Saturday, January 5, 2019

Gaze as a Grammar of ‘Homo-reflectus’


Homo-sapiens can be redefined as homo-reflectus i.e. beings living by and for refined reflections of the self. And the 'reflections element' of the species is inherent in what each person ultimately accepts as being human. Examination of this inherent and common reality that one can't avoid living by and can’t imagine life without leads us to the inevitability of transaction of reflection through the currency of given, received, refuted or accepted gazes. An examination into the language we speak, the religion we follow, the philosophies we cherish, the dresses we wear, the lifestyle we follow, the things we feel free to see and the eyes we allow to be seen by, the cinema we prefer to watch, the way we prefer to be seen in the cinema, everything that made us who we are homo-reflectus is a manifested gaze.

As bell hooks in the Oppositional Gaze, puts it,” there is power in looking” because, she quotes Fanon, “This “look’ from - so to speak - the place of the other - fixes us, not only in its violence, hostility, and aggression but in the ambivalence of its desire.” Thus, an act of viewing a film is not just an act of participation in the gaze but also a participation in the power relation, a participation in the manifestation of how one is gazed at and thus defined, aggrieved, glorified and or fixed in the accepted grammar of the community. The gaze becomes as Fanon said more “oppressing “and “fixing” when it is compounded by the vocabulary of race introduced into it. The masculine, patriarchal gaze that sanctions a defined rendition for what 'the woman image' should be and this image is one that takes the woman as reflections of the wishes of the man. The oppression becomes more when the woman factor is coupled with color and racism.

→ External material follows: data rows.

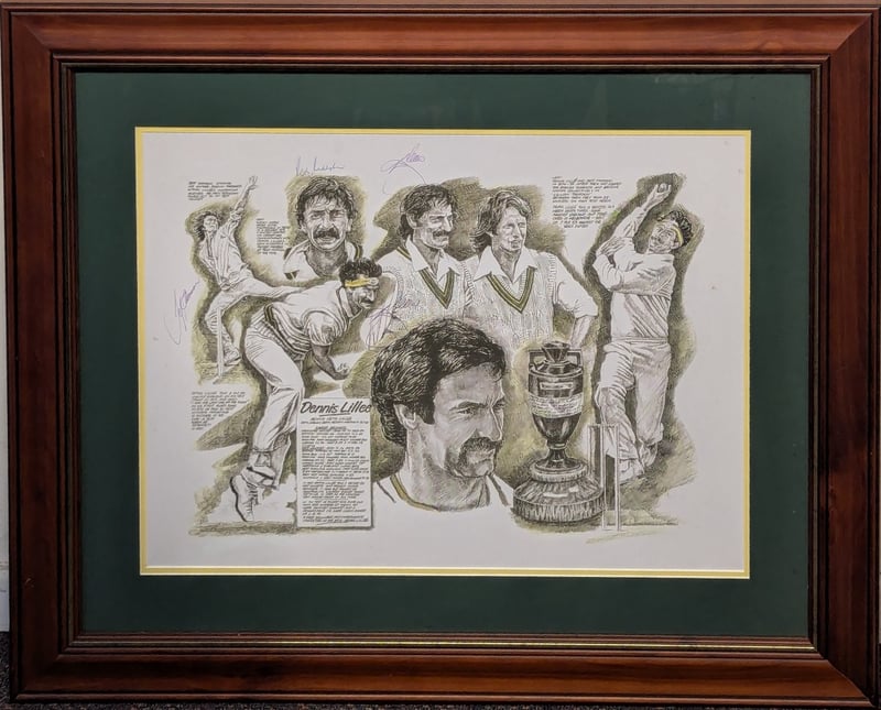 DENNIS LILLEE SIGNED CRICKET MEMORABILIAItem Size: Height: 66cm, Width: 80cmFeatures Dennis Lillee Signed Centre Signature And Three Signatures Signed In PlateCondition: Good - Refer To Images585034+2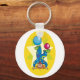 A clown standing on its head with some balloons around it. This design looks really effective on this Keychain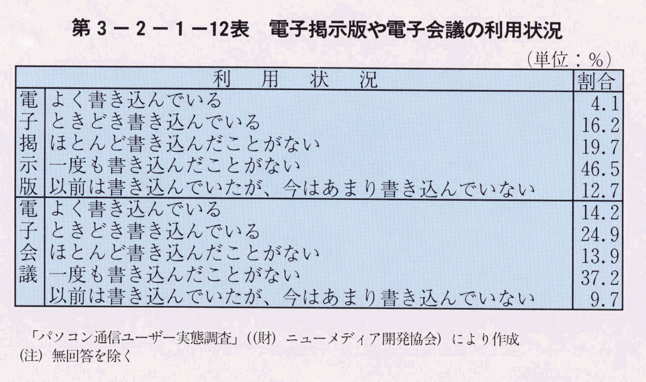 第3部 マルチメディア化と情報通信市場の変革2 情報発信の多元化(1) メディアの多元化地上系・衛星系放送事業者数、ケーブルテレビ事業者数が年々増加し、それに伴い、テレビジョン放送のチャンネル数も増加している(資料2-1 、第3-2-1-8表参照) 。また、書籍や雑誌等の新刊点数も増加傾向にある(第3-2-1-9図参照) 。このような傾向は今後も続くものと考えられる。 (2) 情報の個性化書籍・雑誌等の発行部数は増加しているが、一方、1点、1誌あたりの発行部数は低下傾向にある(第3-2-1-10図参照) 。これは、書籍・雑誌等の内容が、少数の読者や特定地域の読者を対象としたものになっているからと考えられ、情報に対するきめ細かいニーズがあるものと考えられる。 (3) 個人からの情報発信主要パソコン通信ネット局の会員数の増加が著しい(第3-2-1-11図参照)。 このうち、電子掲示板や電子会議などに情報を書き込み、自ら情報発信を行っている会員も少なくない(第3-2-1-12表参照) 。最近では、インターネットを利用して海外に対して情報発信を行う例もみられ、今後は個人による情報発信がさらに増加することが予想される。

Before cinema or other forms of projected images exercised the power of 'sanctioned looking’, language is the first mirror that the homo-reflectus is introduced into the exercise of the privileges of gaze. Each member of the community of language is offered preordained sets of eyes and perspectives with the grammar as spectacles into the self and into the world and into others. And all languages are statements of the power relations in a community. Language is a power relation manifest in the binaries between the strong and the weak, the privileged and the dispossessed, the man and the women and the master and the slave. It is thus evident to notice that the language of a patriarchal mode of thinking and sanctions a patriarchal mirror as the way of viewing the world in spite of the gender differences of its members.

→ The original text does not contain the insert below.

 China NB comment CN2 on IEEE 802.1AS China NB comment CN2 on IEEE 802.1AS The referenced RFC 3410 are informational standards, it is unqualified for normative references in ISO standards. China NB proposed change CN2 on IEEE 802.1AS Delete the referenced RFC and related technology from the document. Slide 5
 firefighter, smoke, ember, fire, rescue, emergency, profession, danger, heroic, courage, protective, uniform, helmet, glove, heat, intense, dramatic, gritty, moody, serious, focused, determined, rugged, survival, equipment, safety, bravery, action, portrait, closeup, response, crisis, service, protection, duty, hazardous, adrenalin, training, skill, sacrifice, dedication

As a result of the grammar of patriarchy, a woman for millennia, 'should teach' herself to see herself in terms of the secondary station she is given. She is an extension of a man a wo-man, she is the secondary, almost accidental being in the thought of the gods who happen to create her out of the man and for the man. In the patriarchy, religion is the first technology that gave the technical definition for the woman. And every subsequent technology both in ideas and in 'forms' have perpetuated the male gaze as 'the gaze,' the defining gaze that coffers on one the right of acceptance and conformity to be recognized as sane. A catalog of laws and rights that women were not part of the beneficiaries are numerous and are still many. The male universal gaze is the most common mirror awaiting any homo-reflectus as truth if it chose to comply, bow down and rhythm with the system. This is how the gaze works in cinema.

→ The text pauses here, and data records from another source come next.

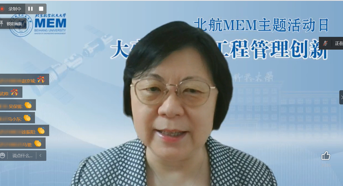 2022年5月21日上午,由北航MEM教育中心主办的“大变局下的工程管理创新——北航MEM主题活动日”成功举行。本次活动邀请到了中国工程院院士、中国载人航天工程空间站系统总设计师杨宏院士,中国轻工业管理协会副理事长兼秘书长郭和生先生等多位资深行业专家及北航bat365中文官方网站教师代表,共同探讨大变局下工程管理创新所面临的机遇、挑战,并做了内容丰实的行业实践分享。北航MEM教育中心主任闪四清教授主持活动。2019级、2020级和2021级的同学通过腾讯会议在线参与。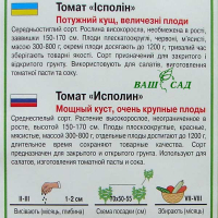 Детальний опис див. на другому фото. Потужний кущ, дуже великі плоди Середньостиглий сорт. Рослина індетермінантна, необмежена в рості, висотою 150 - 170 см. Плоди плоскоокруглі, червоні, м'ясисті, масою 300 - 800 г, окремі плоди досягають до 1200 г, тривалий час зберігають товарні якості. Сорт призначений для закритого та відкритого ґрунту. Використовують для салатів, томатної пасти та соку.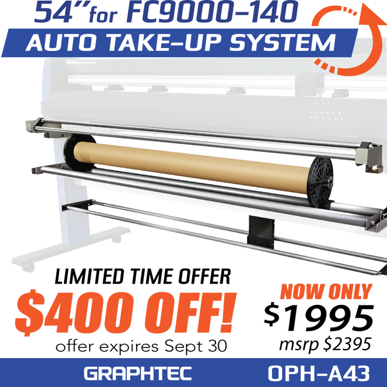 Graphtec Automatic Take-up Roller for media feeding increases speed and improves accuracy. No need to take up the long length media by hand anymore!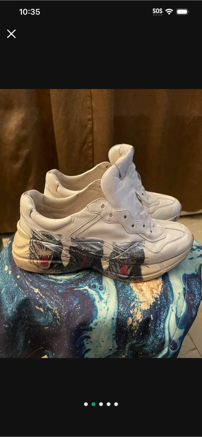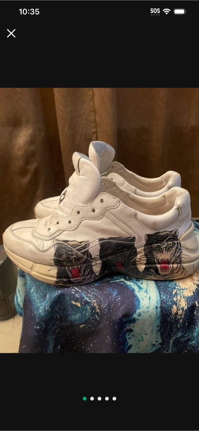 These sneakers feature a unique tiger design. They show some signs of wear, as seen in the pictures.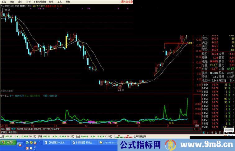 个股:EMA(100*(CLOSE-LLV(LOW,9))/(HHV(HIGH,9)-LLV(LOW,9)),3)*500,COLORLIBLUE,LINETHICK3;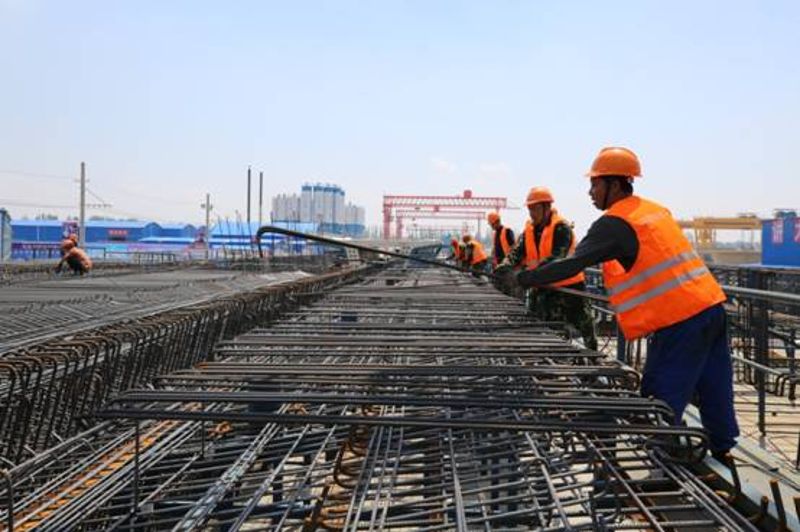 從2016年9月10日進場以來,7天完成400余畝征地任務,11天完成試驗室儀器標定校驗工作,45天成功預制首孔箱梁,2017年1月22日,梁場以優異的成績一次性通過國家生產許可認證審查。3月底,梁場最高日產達到5孔,現在,梁場正以每天預制6孔梁的速度向前推進。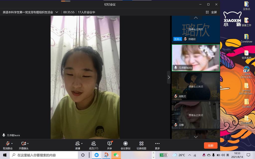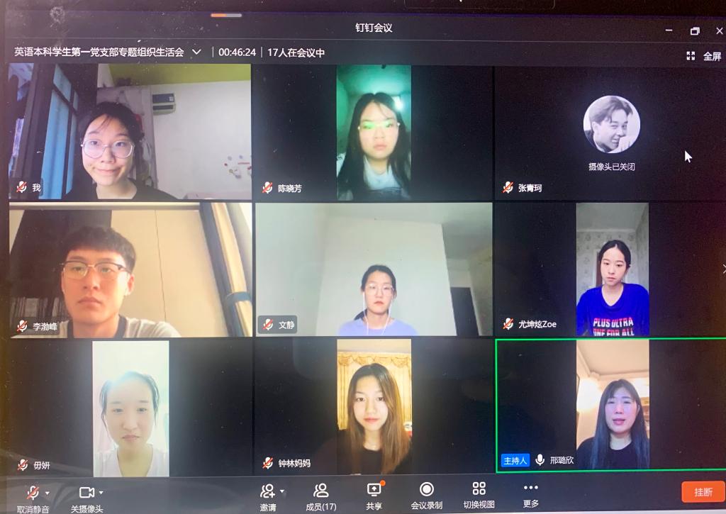 为深入学习贯彻习近平新时代中国特色社会主义思想,巩固深化党史学习教育成果,扎实推进“学党史、悟思想、办实事、开新局”专项行动,根据学院党委工作安排和统一部署,8月14日下午,外国语学院英语专业本科学生第一党支部线上召开党史学习教育专题组织生活会。会议由党支部书记邢璐欣主持,英语专业本科学生第一党支部全体党员参会。
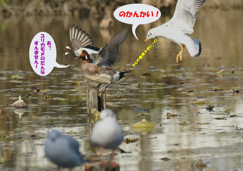 で、この他にもいろんな鳥を見ることができて癒されてきたんだけど、先日そうか公園で見たユリカモメVSヒドリガモの闘いがここでも展開されていたのでした↓↓↓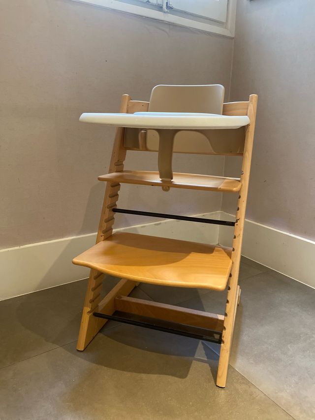 Dettagli del prodottoSedia per bambini Stokke Tripp Trapp in buone condizioni, con vassoio. Struttura in legno. Vassoio in plastica. La descrizione è stata tradotta automaticamente.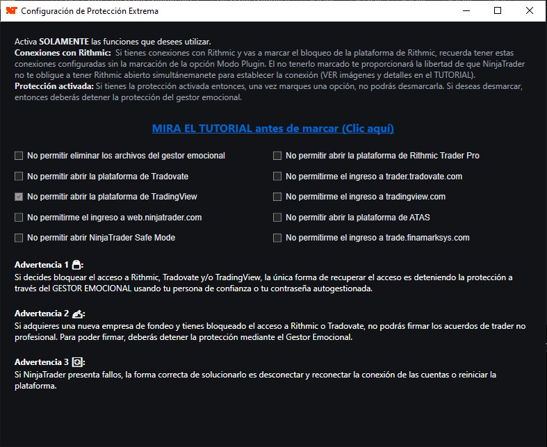 The Emotional Manager for NinjaTrader 8 is your perfect ally to follow your trading plan and avoid unnecessary losses. This tool blocks the possibility of trading in NinjaTrader 8 when you break any rule established in your trading plan.

What is true for the man-woman binary is also true for the black-white binary. It is compounded when the double layered identification of black and woman come together into the gaze scene dominated by the patriarchal eyes. In the complex and yet fully unresolved racial scene of motion pictures in the west, where the black body in general and black women’s bodies, in particular, were subject of the centuries of defined set of conjugation in the grammar of the white-male-racist, gaze, the cinema not only projects the same but insists to impose it too. Hooks to this end writes that “Critical interrogating black looks were mainly concerned with issues of race and racism, the way racial domination of blacks by white overdetermined representation.”

That anything produced by the patriarchal grammar being a way to perpetuate its gaze is one thing while adding gender, race, and class makes the gazing dynamics even more complex. That is why a simple act of being at a movie theatre is enough an exercise of projected, accepted, resisted gazes in play both by self and others attesting to our tendency to seek refined reflections of self.